Nothing may be left out of the listing below but its images; repeat the rest exactly.

[[ Data block, beginning ]]

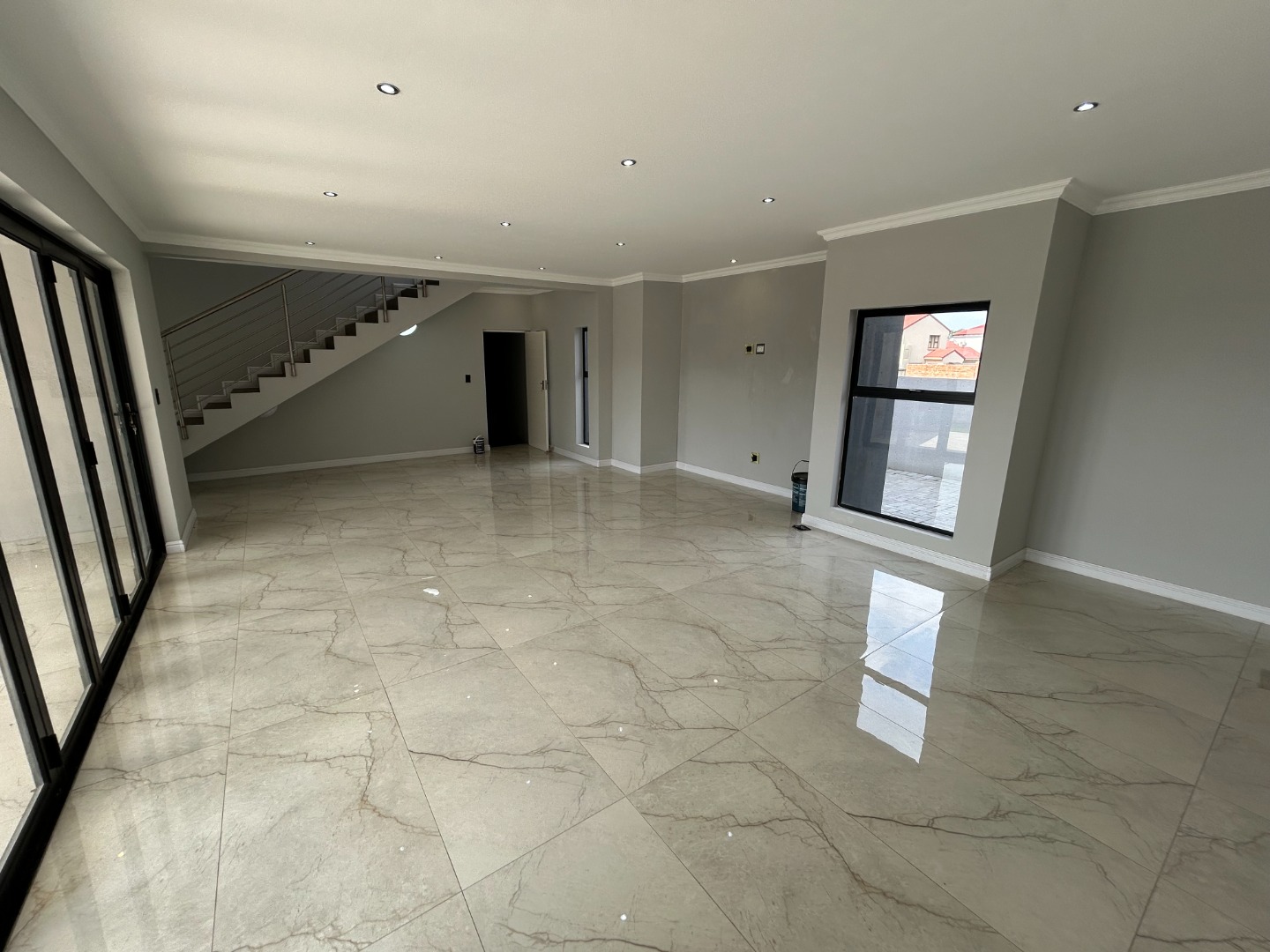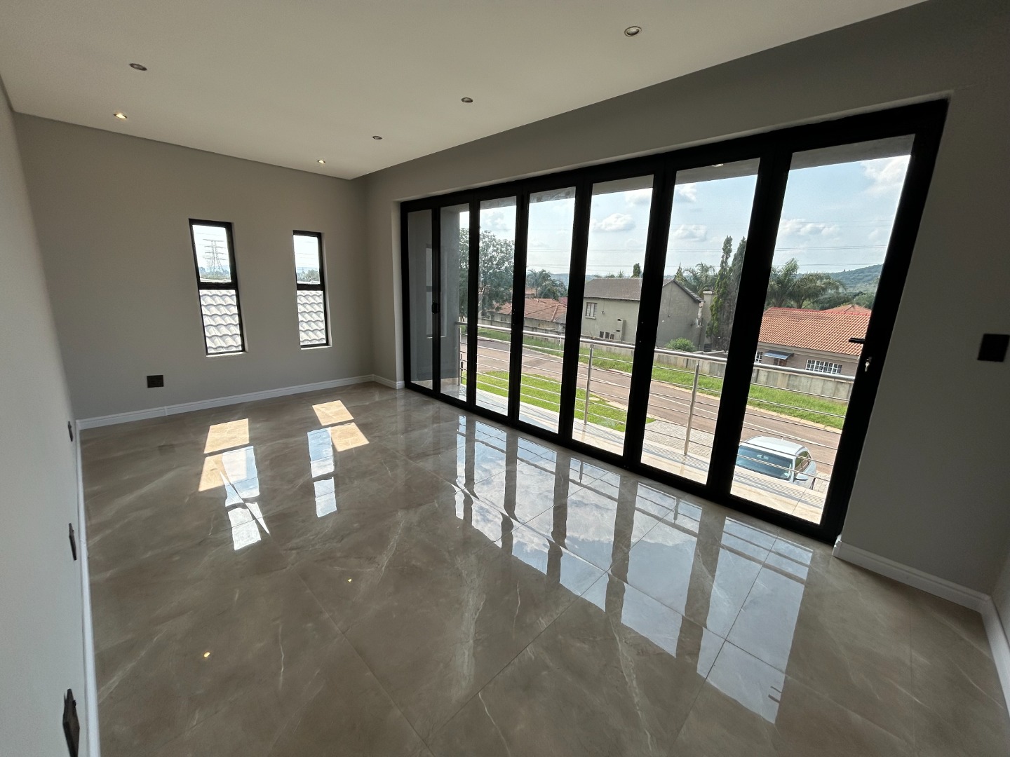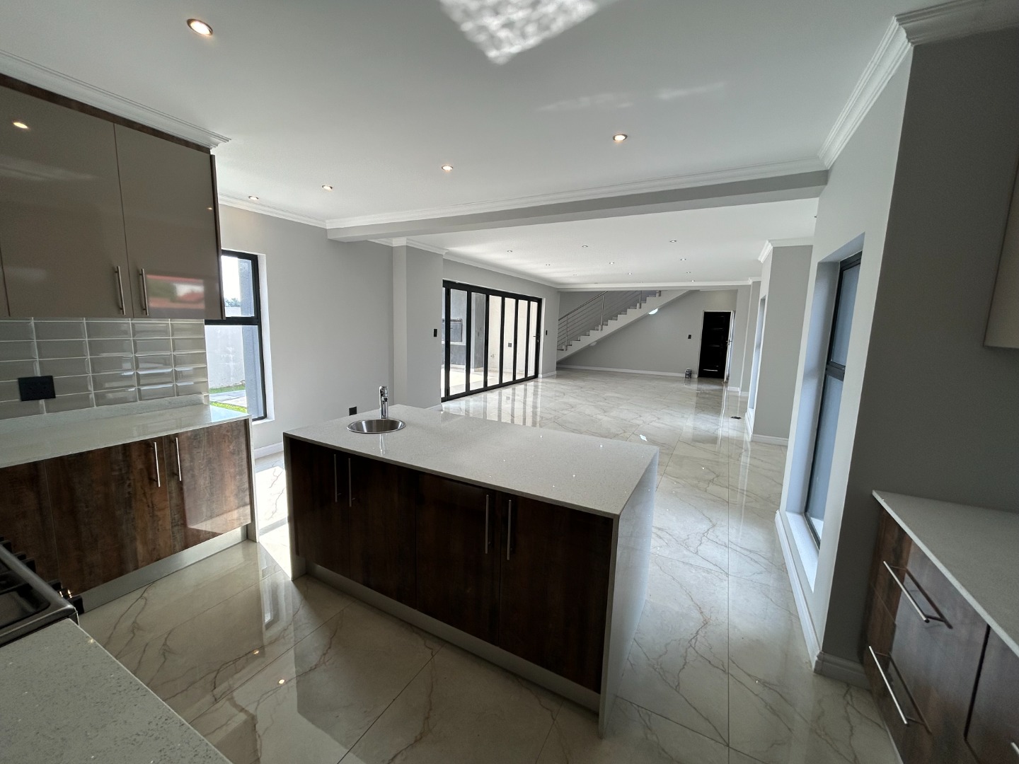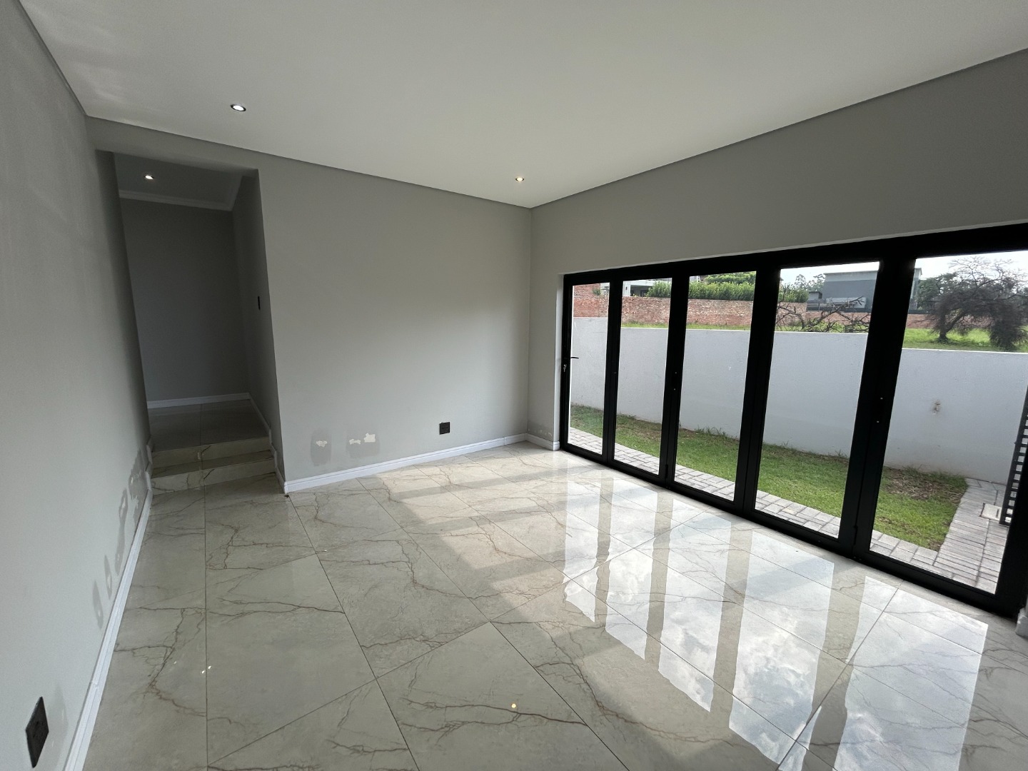 The modern kitchen serves as the heart of the home, featuring sleek finishes and seamless flow into the open-plan living spaces. A built-in braai extends the entertainment lifestyle, allowing for both indoor and outdoor gatherings. Adding to its unique appeal, the home also includes a dedicated prayer or study room, creating a quiet sanctuary for reflection or productivity.
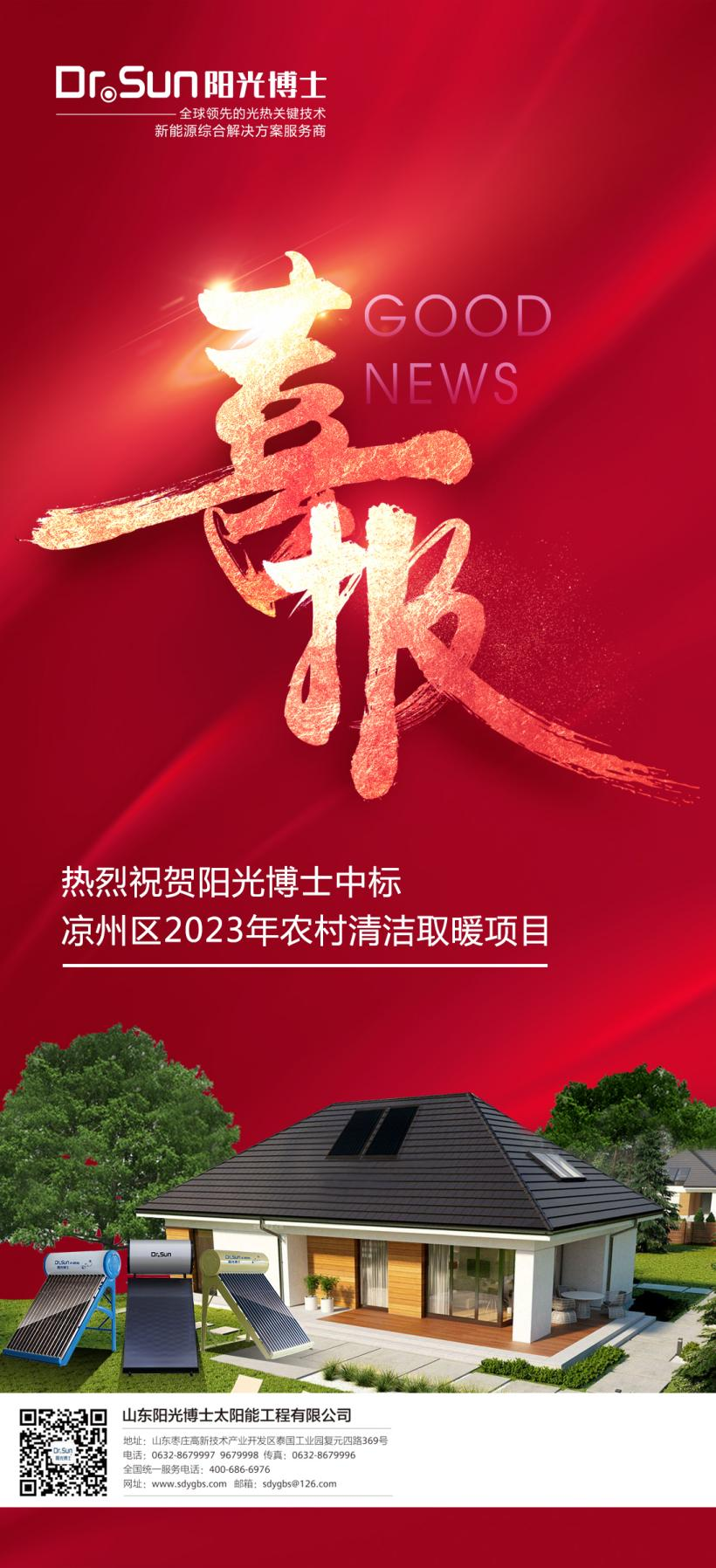 陽光博士憑借優(yōu)質(zhì)的產(chǎn)品質(zhì)量,過硬的技術能力,良好的市場口碑,在眾多競爭對手中脫穎而出,成功中標涼州區(qū)2023年農(nóng)村分散農(nóng)戶清潔取暖改造項目。
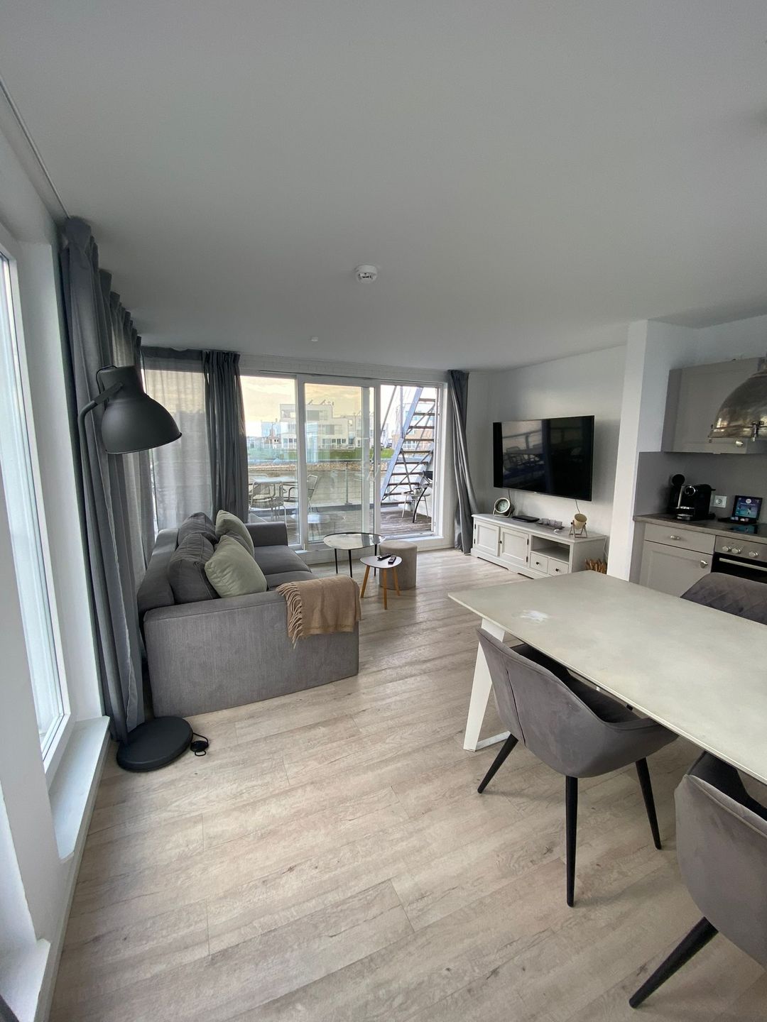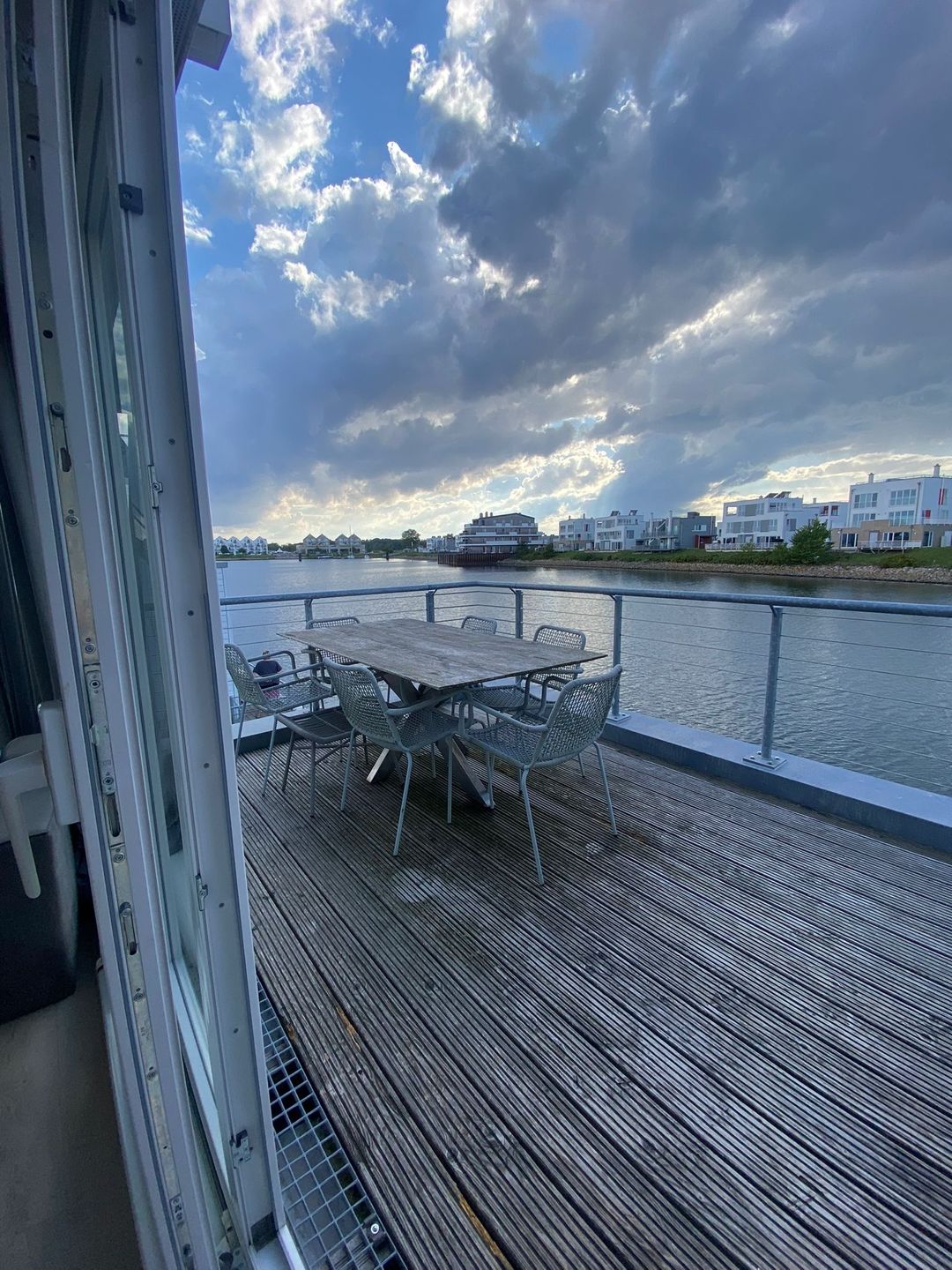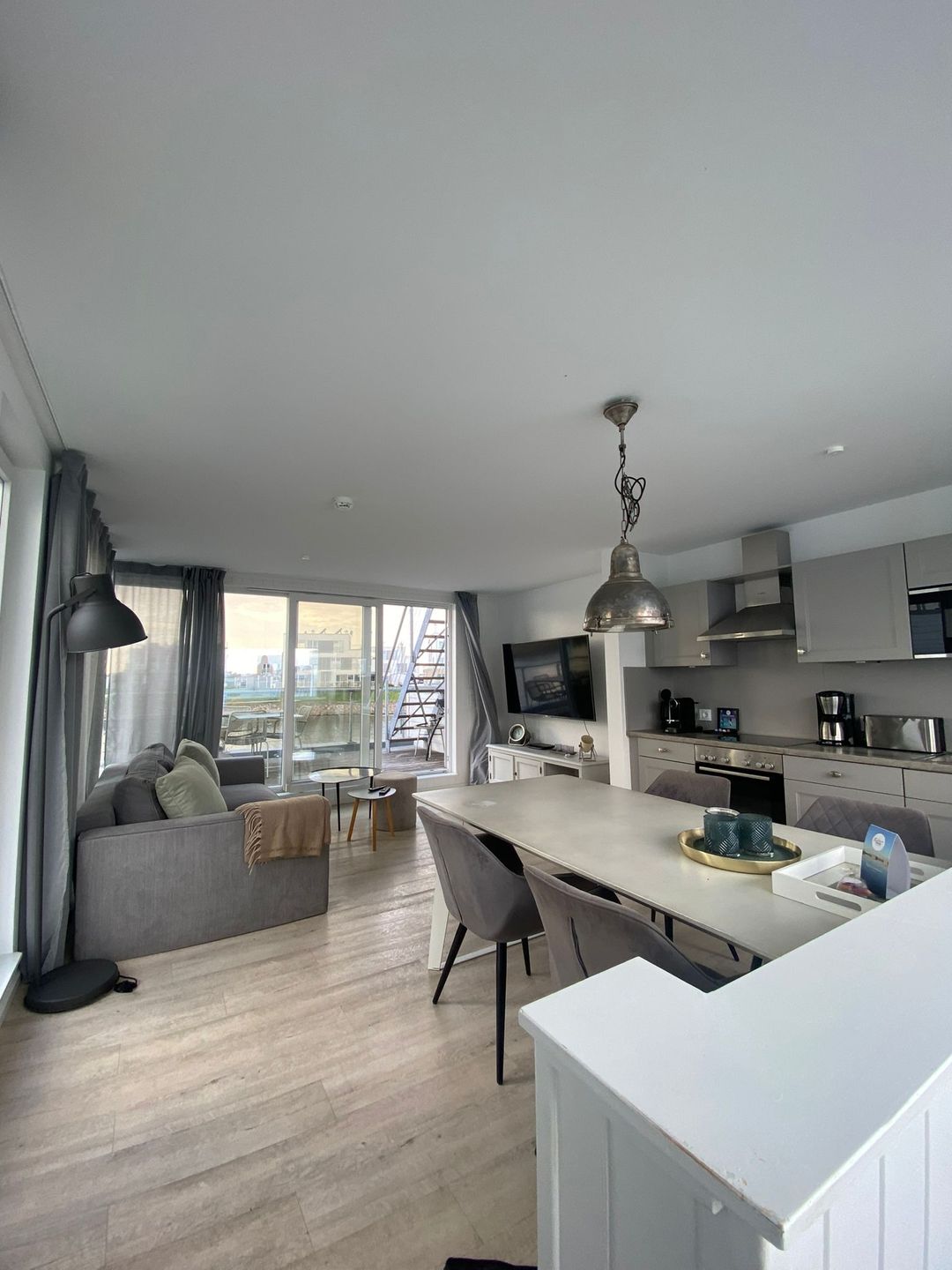 Auf der Terrasse oder dem Balkon genießt Du einen fantastischen Meerblick, der fast an das Sonnendeck eines Bootes erinnert. Die Dachterrasse mit ihrer runden Sonneninsel lädt zum Sonnenbaden, Lesen oder einfach zum Entspannen mit Blick auf das Wasser ein.

[[ Data block, end ]]

- [Reply to the exercise]
 The modern kitchen serves as the heart of the home, featuring sleek finishes and seamless flow into the open-plan living spaces. A built-in braai extends the entertainment lifestyle, allowing for both indoor and outdoor gatherings. Adding to its unique appeal, the home also includes a dedicated prayer or study room, creating a quiet sanctuary for reflection or productivity.
 陽光博士憑借優(yōu)質(zhì)的產(chǎn)品質(zhì)量,過硬的技術能力,良好的市場口碑,在眾多競爭對手中脫穎而出,成功中標涼州區(qū)2023年農(nóng)村分散農(nóng)戶清潔取暖改造項目。
 Auf der Terrasse oder dem Balkon genießt Du einen fantastischen Meerblick, der fast an das Sonnendeck eines Bootes erinnert. Die Dachterrasse mit ihrer runden Sonneninsel lädt zum Sonnenbaden, Lesen oder einfach zum Entspannen mit Blick auf das Wasser ein.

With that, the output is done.